Below, locate the line that contains "A woman with". Repeat exactly from that line to the line that contains "神谷宗幣さん、ドイツの極右政党と笑顔で握手www", inclusive, leaving out the pictures.

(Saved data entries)
———

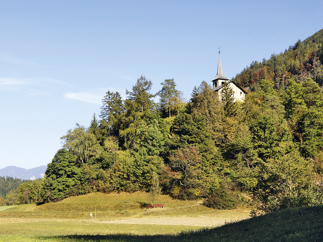 Die Weiterfahrt erfolgt nach Paspels wieder auf der Route Nr. 6. Vor Bonaduz steigen wir erneut vom Rad: Die im Mittelalter gebaute Kapelle Sogn Gieri (siehe Foto) beeindruckt mit ihren mit Fresken bemalten Wänden. Nun müssen wir uns entscheiden. Entweder folgen wir weiter der Nr. 6 bis in die Hauptstadt des Kantons Graubünden. Oder wir biegen ab und folgen dem Wegweiser nach Reichenau.
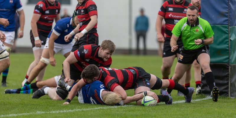 Again, Queens ran from deep against a tiring Rainey defence. Ryan Davis was put away to score beside the posts, after 78 minutes. McFarland’s conversion had Queens leading 40-17.
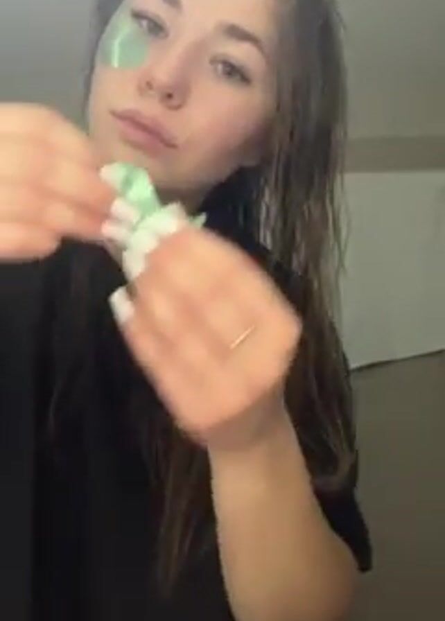 A woman with wet hair and painted white nails is shown from the chest up in an indoor setting. She is wearing a black t-shirt and putting green eye patches on her face, focusing on placing the second one under her eye. Music is playing.
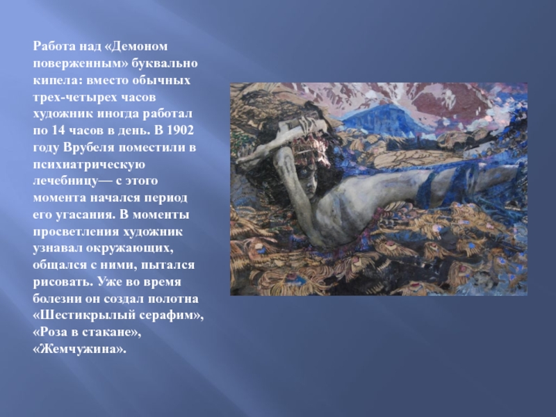 Слайд 11Работа над «Демоном поверженным» буквально кипела: вместо обычных трех-четырех часов художник
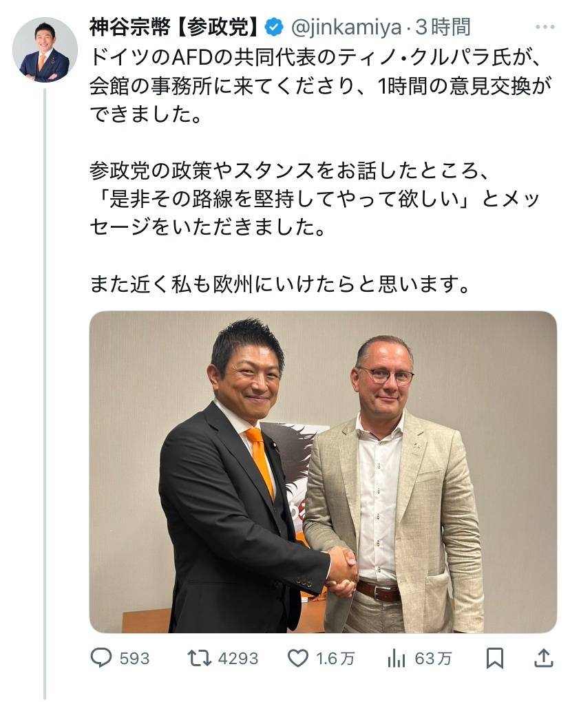 神谷宗幣さん、ドイツの極右政党と笑顔で握手www
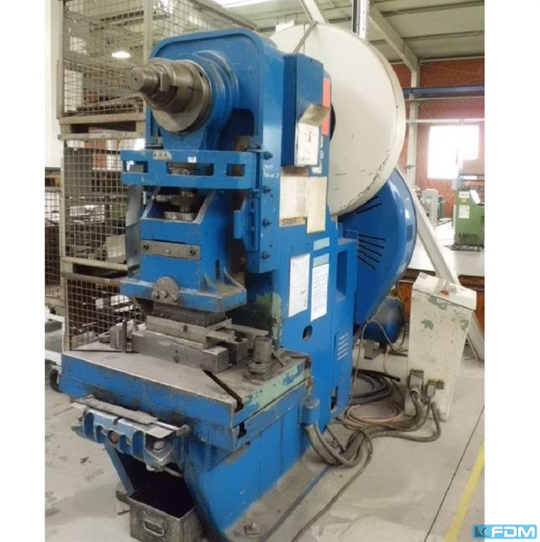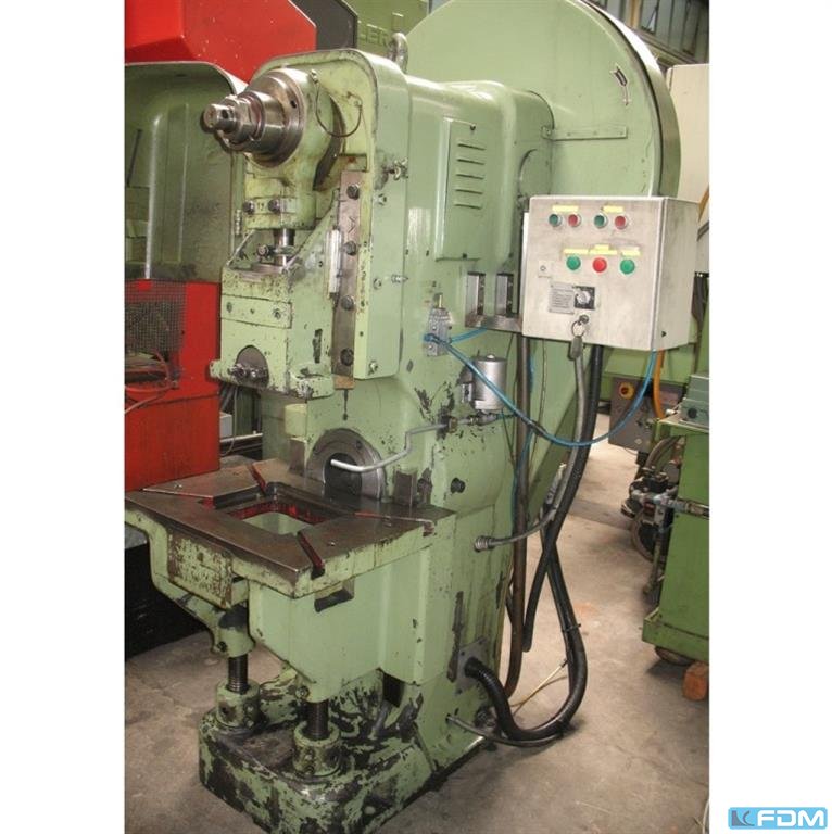 Prensa excéntrica usada del tipo VSS LE 250 C. Año de fabricación 1979. Renovación general 2016 Especificaciones: Fuerza nominal de modelado 250 T Dimensiones del escritorio: 1120 x 800 mm Carrera máxima del deslizador 30 mm Tamaños de deslizadores 800 x 475 mm Ajuste deslizante de 110 mm Altura de la abrazadera: 360 mm Potencia del motor principal 20 kW Dimensiones: L x An x H 1350 mm x 2550 x 2915 mm Peso de la máquina: 12880 kg
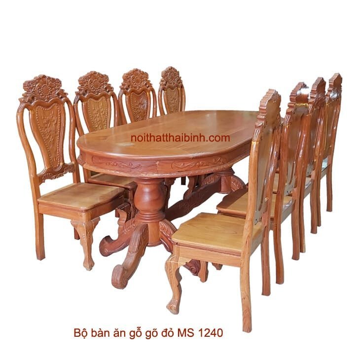 Quý khách xem bộ bàn ăn gỗ gõ đỏ đang có tại cửa hàng nội thất Thái Bình
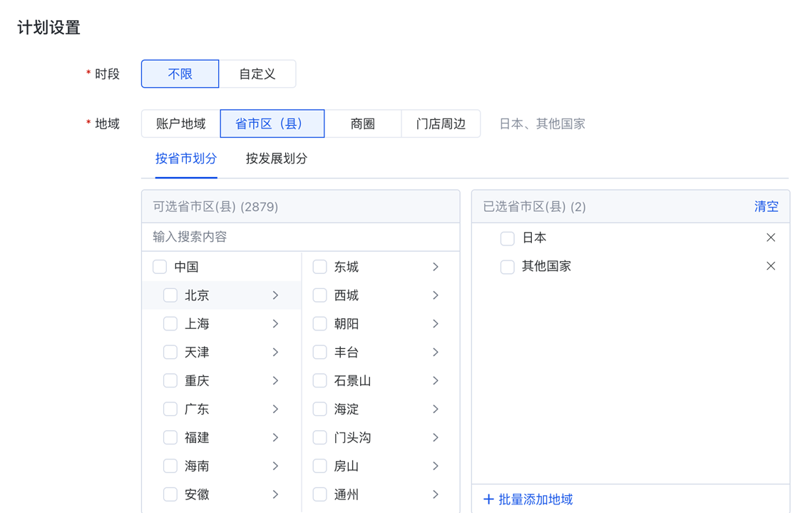在計劃設置中,地域屬性支持選擇"三級地域"標簽,精確到區/縣,方便本地化業務投放區域更精準。(預計8月上線,敬請期待)
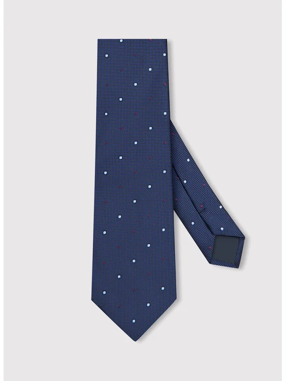 Męski krawat w kolorze granatowym w mikrowzór z kolekcji Pako Lorente. Krawat w całości pokryty drobnym wzorem kropek w kolorze niebieskim i bordowym. Krawat to idealny dodatek męskich stylizacji, który dodaje wdzięku i klasy. Model w kolorze granatowym, doskonale będzie wyglądał w połączeniu z jasnym garniturem i białą koszulą.
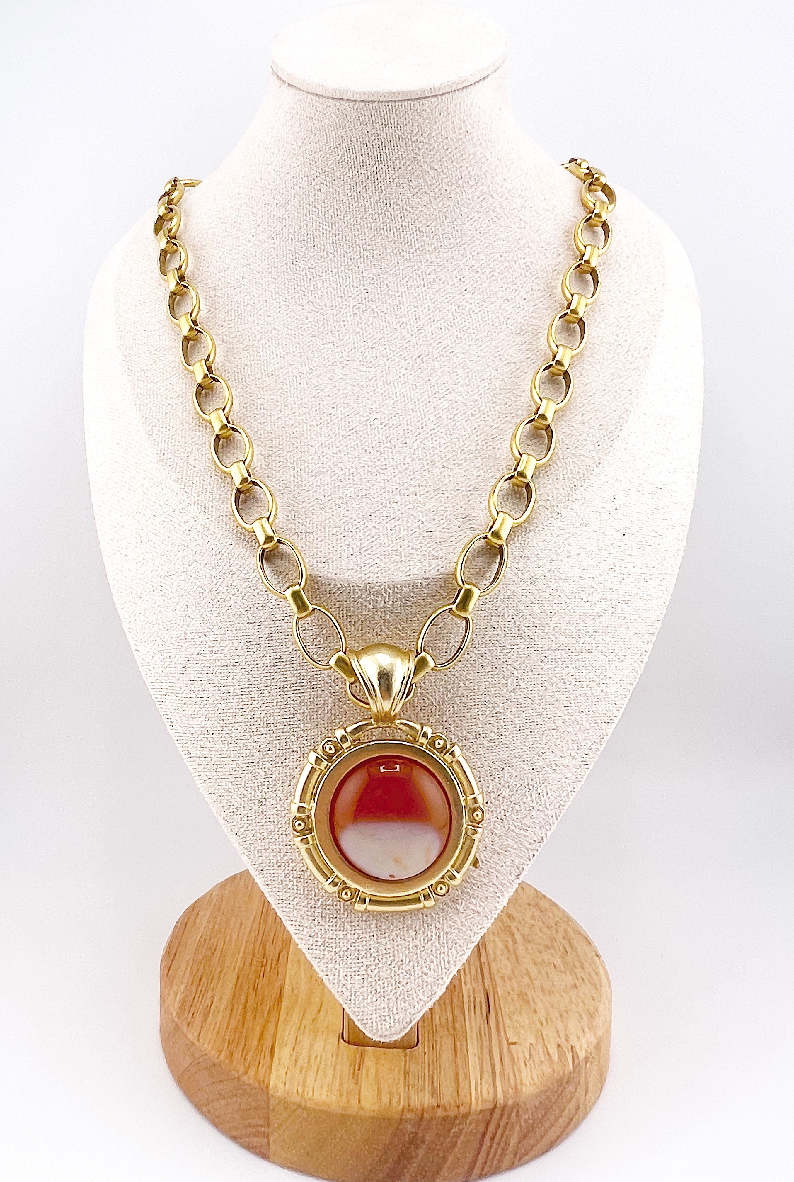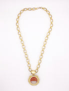 The Verona Agate Necklace – 23" 18K Gold-Plated Chain with Red Banded Agate Bezel Pendant

———

> _FINISHED TASK_:
 A woman with wet hair and painted white nails is shown from the chest up in an indoor setting. She is wearing a black t-shirt and putting green eye patches on her face, focusing on placing the second one under her eye. Music is playing.
 Слайд 11Работа над «Демоном поверженным» буквально кипела: вместо обычных трех-четырех часов художник
 神谷宗幣さん、ドイツの極右政党と笑顔で握手www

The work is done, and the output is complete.